A long-time supporter of the blog died on Thursday, October 6.

But it’s okay. He’s alive and well now.

Given that this is the second time such a thing has happened to somebody hereabouts, and given that he tells his story in a way that’s both entertaining and good for the lessons it might convey, I thought I’d print what he had to say about it. So with his permission …

First, N. wrote on F*c*b**k:

For years, when things went wrong, or somebody complained about something, I’d quip, “Yes, but it could be worse – it could be Thursday!”

I had a couple of variations to that, but mostly, I basically bashed Thursday as the most vile and corrupt day-of-the-week. It’s not Friday, and doesn’t even have the ignominy of being Monday. It’s just a placeholder at best, in-the-way-of-better-or-more-important-days.

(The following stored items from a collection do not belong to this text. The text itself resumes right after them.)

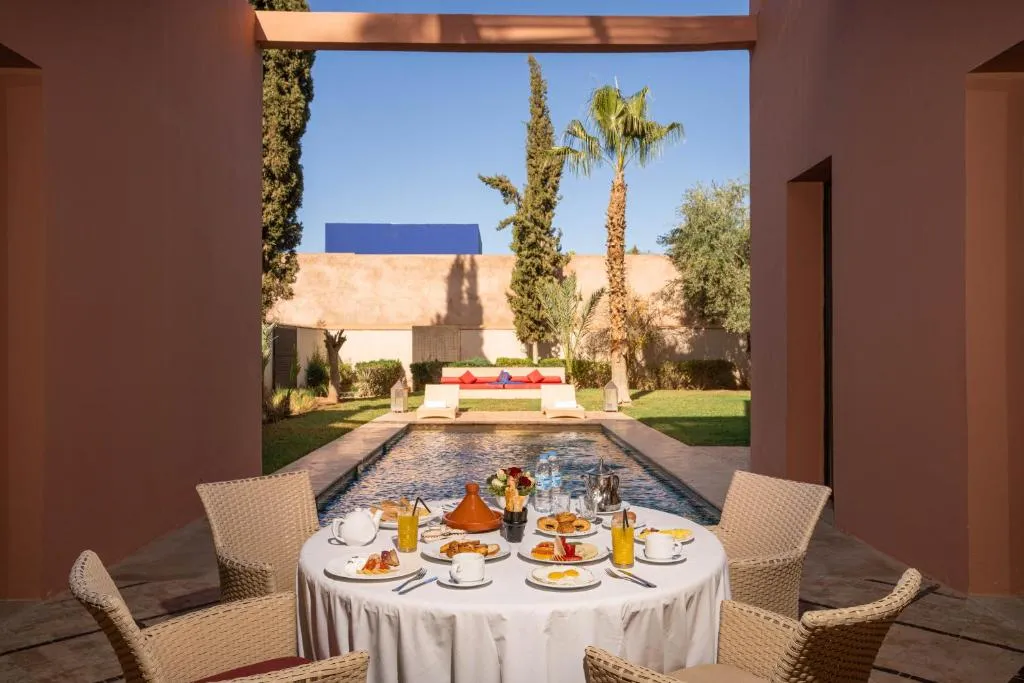 Al Maaden Villa Hotel & Spa se dresse comme une perle précieuse au cœur de Marrakech, offrant une alliance parfaite entre modernité et traditions. Niché dans un cadre verdoyant au milieu d'un magnifique parcours de golf, cet établissement est une invitation au luxe et au bien-être, promettant un séjour inoubliable aux voyageurs en quête d'exclusivité et de raffinement.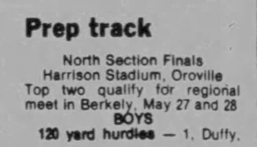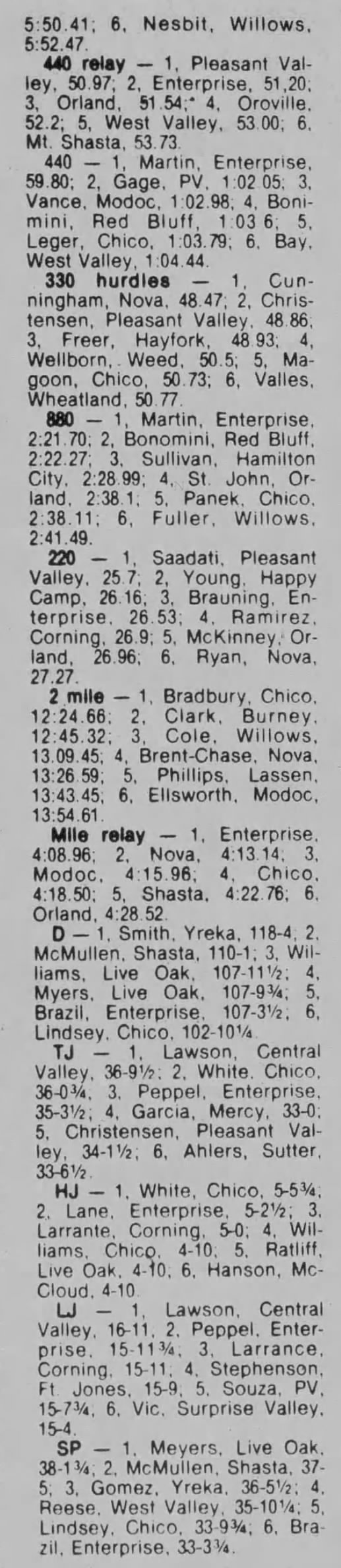 1983 NSCIF Track & Field Championships Harrision Stadium Oroville, California Friday May 20, 1983 Transcribed results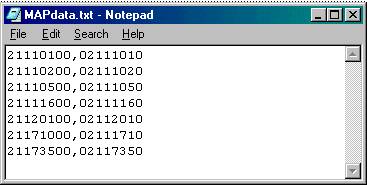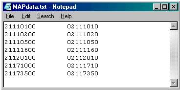 The following example will use a tab-delimited file created in Notepad to add data to the Eagle function MAP. If you display the file in Notepad it will look like this:

I’ve been saying this for years – long enough that it has spread onto some acquaintances’ lips, and occasionally boomeranged back to me from a family member.

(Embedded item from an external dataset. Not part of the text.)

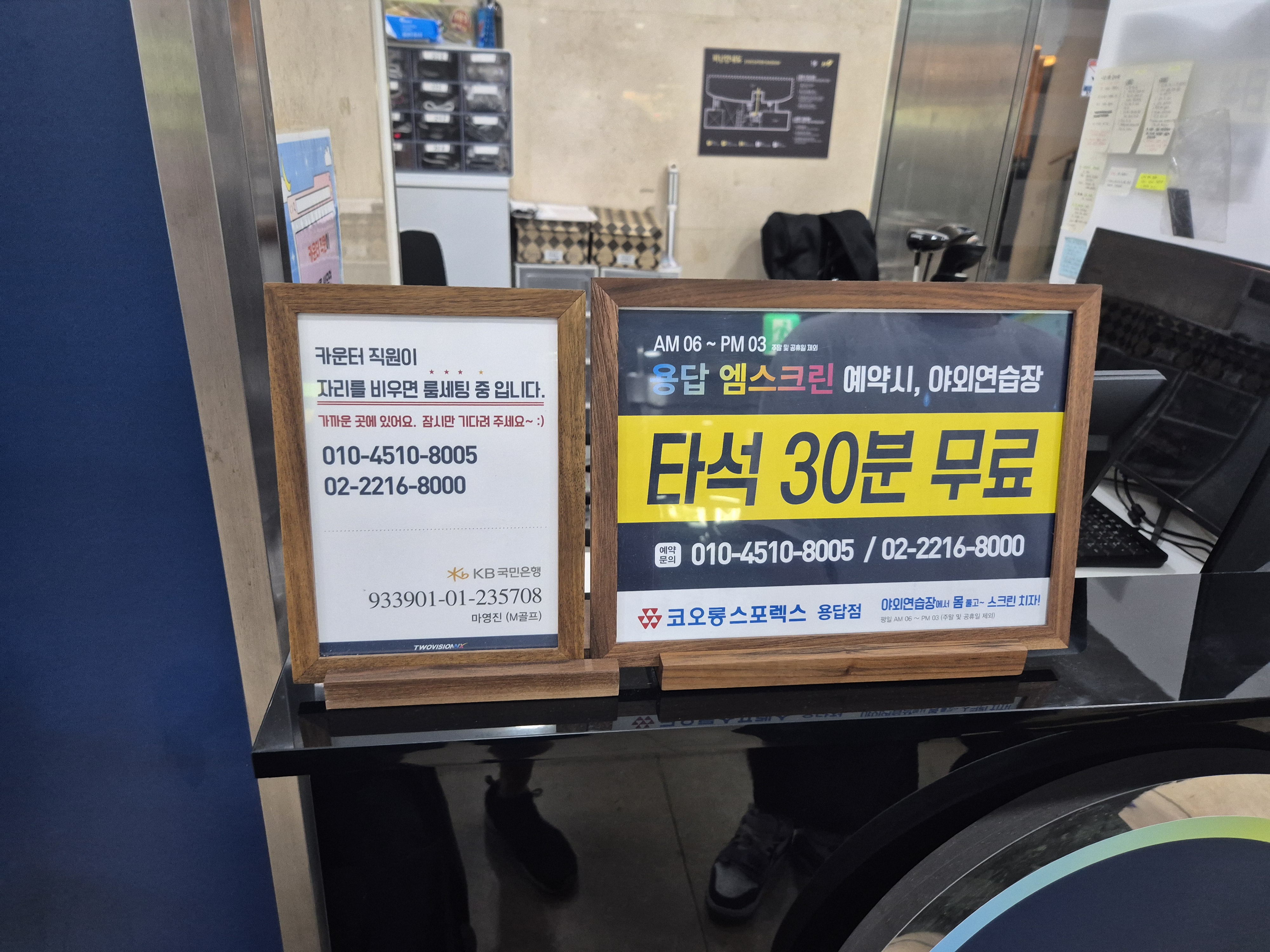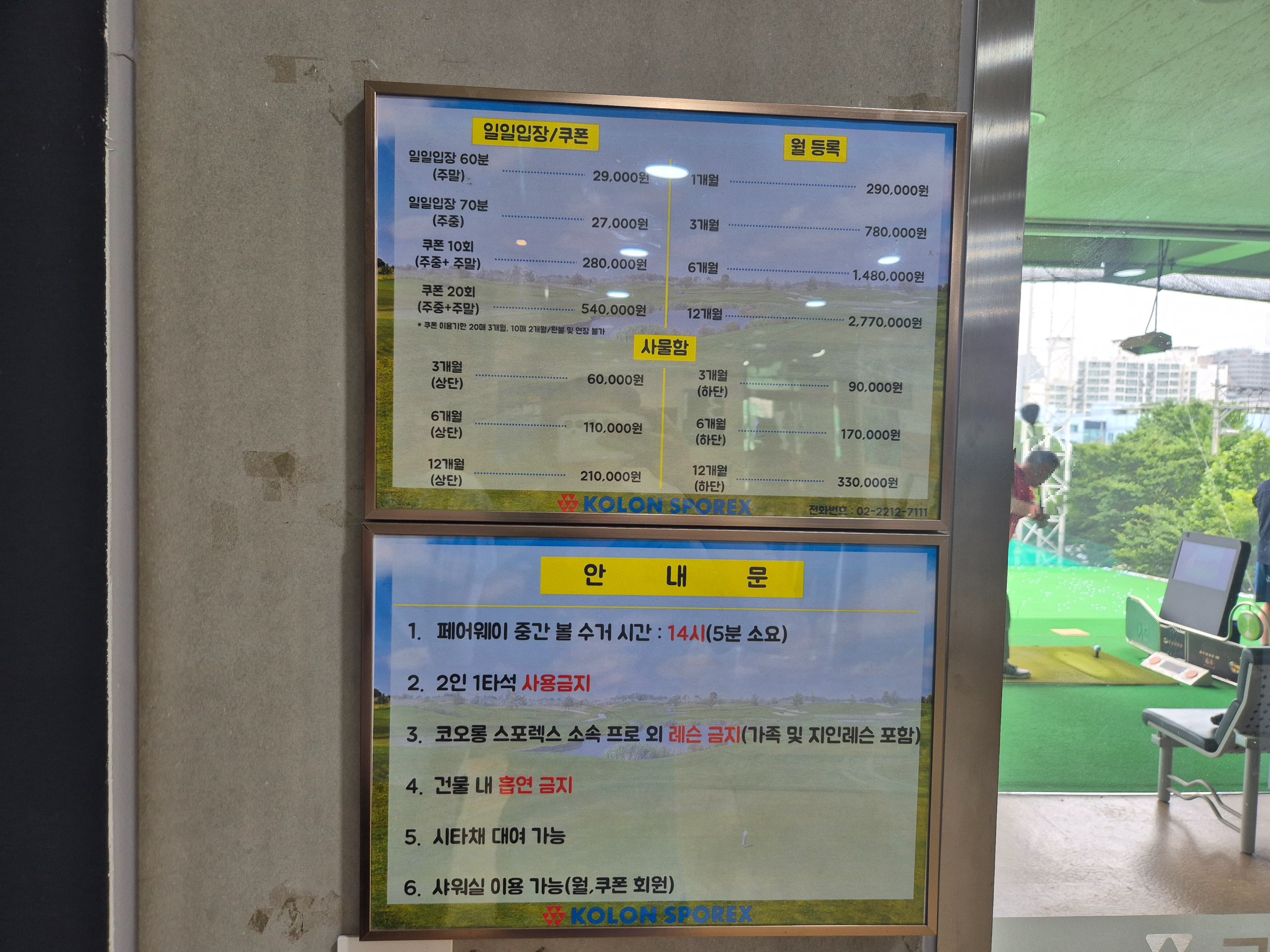 오 그럼 야외연습장에서 연습하면 되겠네 싶었는데.. 평일 6시~오후 3시에만 가능하다.. ㅠㅠㅠㅠ 참고로 스크린골프장과 야외 연습장은 다른 업체라고 한다..ㅎㅎ

As many know by now – I died on October 6 – a Thursday. I suffered the whole flat-line CPR + defibrillation for four minutes. Only the incredibly professional Grafton VOLUNTEER Ambulance Service ( and good neighbors and good luck ) saved my butt.

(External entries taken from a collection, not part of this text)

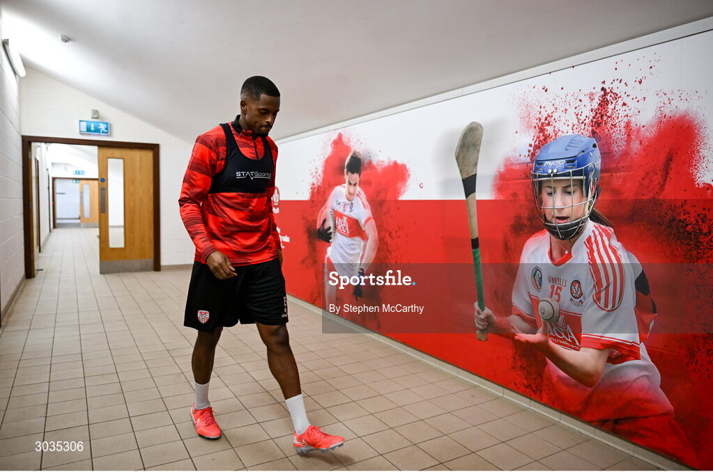 3 February 2025; Derry City's Sadou Diallo makes his way to the training pitch at their new training facility, the Owenbeg Derry GAA Centre, in Dungiven, Derry. Photo by Stephen McCarthy/Sportsfile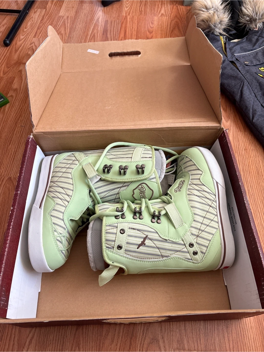These are Vans snowboard boots in a light green colour. They come in their original box and feature a secure lacing system. These boots are designed for snowboarding performance.
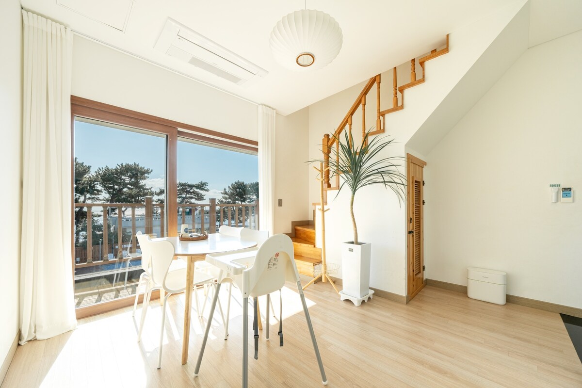 쇠소깍 엘마르 펜션 102호 | 바다뷰 따뜻하고 조용한 복층 수영장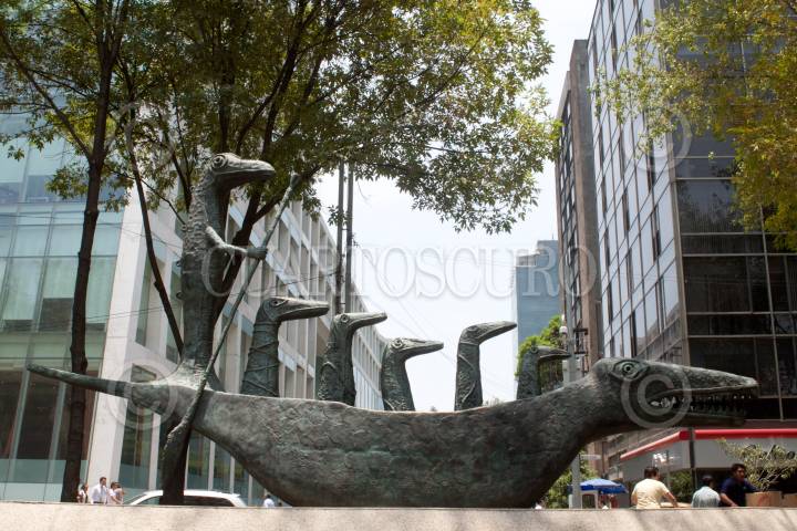 MÉXICO, D.F., 26MAYO2011.- Ayer al filo de la media noche la artista plática Leonora Carrington, murió a la edad de 94 años. Esta creadora era de nacionalidad inglesa y fue muy representativa en la corriente artística del surrealismo. En la ciudad podemos apreciar parte de su obra como en avenida Reforma en donde se encuentra la escultura Cocodrilo. FOTO: MOISÉS PABLO/CUARTOSCURO.COM

I was asked several questions after this experience – did I feel the shocks, what do I remember, etc.. One question was – “What was your last thought before losing consciousness?”

Well, actually, I remember the last TWO thoughts before dying –

“Oh shit, it’s Thursday.”

Followed by

“I should have a more uplifting last thought than THAT!”

No realizations about life, the universe, and everything ( that came AFTER I woke up ), just – a silly little meme I made up to be funny and snarky at the same time – but actually kinda negative. Had it actually ensnared me, and was it Thursday – or me?

I try to be humorous, and I’ve been told that I am, in fact, pretty funny. But, I think that the Thursday joke was actually pretty negative. “Sure, things COULD get worse….” – kind of funny, but unnecessary, too.

I’ll stop picking on Thursday. Perhaps I won’t find it necessary to pick on anything else, too, and concentrate on being funny without snarkiness lurking just below the surface…

Then he added, to me:

As an aside, I seem to be none-the-worse-for-wear aside from three broken ribs, and bruised lungs and internal organs. My marbles seem to be in the same random state they started in, and I know a dodged the Reaper’s scythe by the thinnest margin. Yeah, I know, metaphors still don’t come easily. But, the compound adjectives do. [Ed. note: That’s an in-joke. I apparently ruined his life a few years ago by teaching him about compound adjectives, the kind you hyphenate. Now he sees them everywhere.)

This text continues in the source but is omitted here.